Response: We thank the reviewer for this helpful remark. The wording in the Methods section has been revised to clarify the scope of the study. Instead of stating that the study was conducted according to the STARD guidelines, the manuscript now specifies that the study design was informed by STARD recommendations where applicable.

Please clarify: randomization of image order; whether raters were blinded to modality distribution (knowing 50/50 can bias recognition); whether any training examples were provided; and whether there was a washout period to reduce recall.

Response: We thank the reviewer for this helpful suggestion. The Methods section has been revised to clarify the image evaluation procedure. Images were presented in randomized order, and examiners were blinded to the true imaging modality. No training examples were provided prior to evaluation to capture unbiased interpretation of the SRS images. Because each image was assessed only once by each examiner, no washout period was required.

“Available on reasonable request” is increasingly viewed as insufficient. Consider sharing de-identified image sets (or a subset) and analysis code.

Response: We thank the reviewer for this suggestion. To improve transparency and reproducibility, the anonymized dataset used for the statistical analyses has been made publicly available in a public repository (Zenodo). The corresponding data availability statement has been updated in the revised manuscript.

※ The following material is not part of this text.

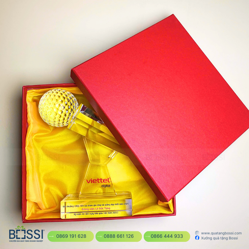 - Kích thước: Kích thước 18 × 20 × 5 cm, cân đối, chắc tay, phù hợp trưng bày tại bàn làm việc, tủ kính hoặc sân khấu vinh danh.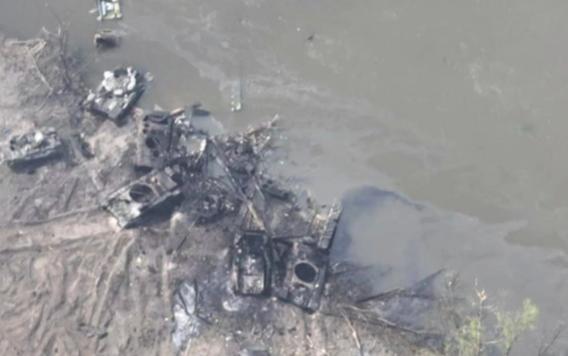 Hình ảnh được Bộ Tư lệnh Không quân Ukraine công bố cho thấy một số phương tiện quân sự đang bốc cháy gần các đoạn cầu phao bị sập nằm nửa chìm nửa nổi trên sông, cùng nhiều phương tiện đã bị hư hại nặng hoặc bị bỏ lại gồm xe tăng.

To all reviewers: We thank the reviewers for their constructive comments, which helped improve the clarity and methodological rigor of the manuscript.

Round 2

Reviewer 1 Report

Comments and Suggestions for Authors

The authors addressed the key methodological issues raised in the previous review. Specifically, the interobserver reliability analysis was revised using established multirater agreement statistics, and the terminology related to non-inferiority was corrected. Regarding the intraoperative tool for assessing diagnostic accuracy (tumor vs. non-tumor), the authors clarify that the study was not designed as a diagnostic study and explain that the dataset includes only confirmed cases of glioblastoma, so there is no tumor/non-tumor spectrum, adding this limitation in the discussion.
Overall, the revisions have significantly improved the methodological clarity of the manuscript. For these reasons, I believe the manuscript can now be considered suitable for publication.

Reviewer 2 Report

Comments and Suggestions for Authors

The authors have correctly answered all my questions and remarks. I am recommending publication as is.